The purpose of this AutoEncoder is to learn latent representations of users and movies such that the model can predict missing ratings and provide personalized movie recommendations based on user preferences. The training and testing processes aim to optimize the model's ability to reconstruct the input ratings while generalizing to unseen data during testing.

# Importing the libraries

In [3]:
import numpy as np
import pandas as pd
import torch
import torch.nn as nn
import torch.nn.parallel
import torch.optim as optim
import torch.utils.data
from torch.autograd import Variable

## Importing the dataset


In [4]:
# We won't be using this dataset.
movies = pd.read_csv('ml-1m/movies.dat', sep = '::', header = None, engine = 'python', encoding = 'latin-1')
users = pd.read_csv('ml-1m/users.dat', sep = '::', header = None, engine = 'python', encoding = 'latin-1')
ratings = pd.read_csv('ml-1m/ratings.dat', sep = '::', header = None, engine = 'python', encoding = 'latin-1')

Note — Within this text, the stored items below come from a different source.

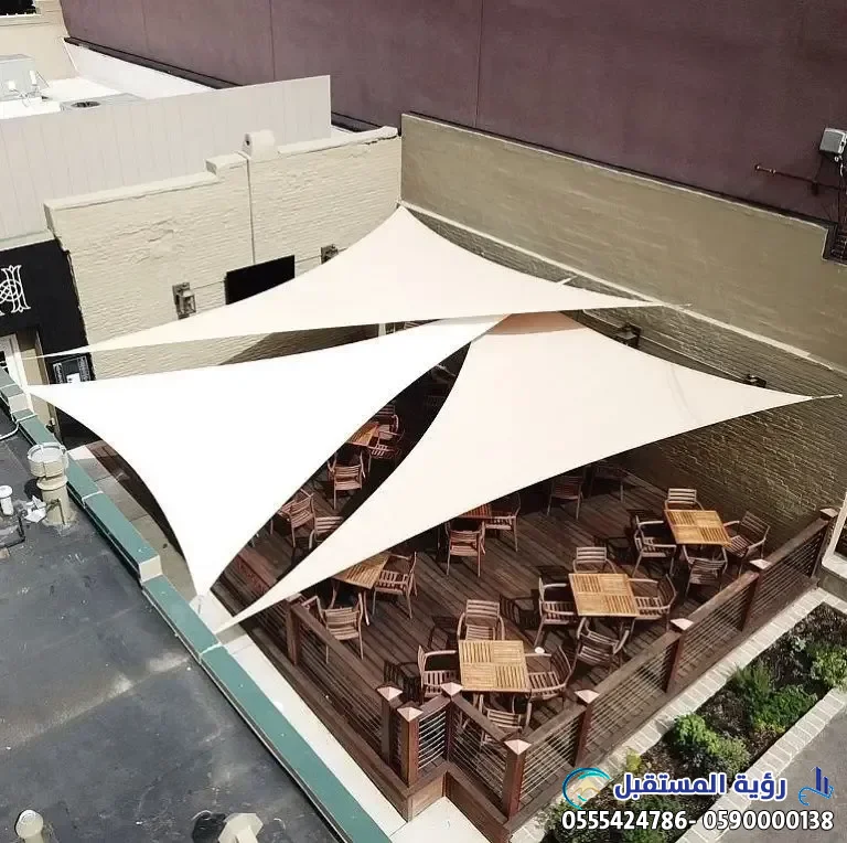- مظلات المشاريع التجارية: للمقاهي، المطاعم، والمحلات التجارية لتوفير مناطق جلوس خارجية مريحة للزبائن.
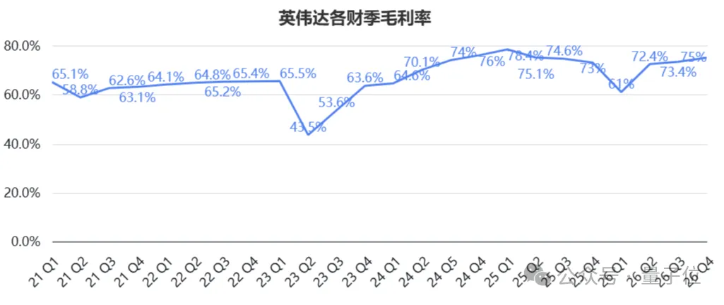 再看利润表现,英伟达第四季度毛利率为75%,环比增长1.6个百分点,同比上涨2个百分点。
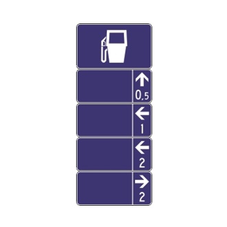 Le panneau « Acheminement » (I-570-2) indique l’itinéraire à suivre pour atteindre les établissements signalisés sur l’autoroute.
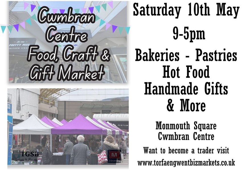 Cwmbran Centre Food Craft and Gift Market - Monmouth Square Cwmbran Town CentreHomemade bakes and cakes handmade crafts, gifts and clothing

## Preparing the training set and the test set


In [5]:
training_set = pd.read_csv('ml-100k/u1.base', delimiter = '\t')
training_set = np.array(training_set, dtype = 'int')
test_set = pd.read_csv('ml-100k/u1.test', delimiter = '\t')
test_set = np.array(test_set, dtype = 'int')

## Getting the number of users and movies


In [6]:
nb_users = int(max(max(training_set[:, 0], ), max(test_set[:, 0])))
nb_movies = int(max(max(training_set[:, 1], ), max(test_set[:, 1])))

## Converting the data into an array with users in lines and movies in columns


In [7]:
def convert(data):
  new_data = []
  for id_users in range(1, nb_users + 1):
    id_movies = data[:, 1] [data[:, 0] == id_users]
    id_ratings = data[:, 2] [data[:, 0] == id_users]
    ratings = np.zeros(nb_movies)
    ratings[id_movies - 1] = id_ratings
    new_data.append(list(ratings))
  return new_data
training_set = convert(training_set)
test_set = convert(test_set)

## Converting the data into Torch tensors


In [8]:
training_set = torch.FloatTensor(training_set)
test_set = torch.FloatTensor(test_set)

Automatic Differentiation: PyTorch tensors support automatic differentiation using the computation graph. This feature allows gradients to be computed automatically during backpropagation. It is essential for training neural networks using gradient-based optimization algorithms like stochastic gradient descent (SGD).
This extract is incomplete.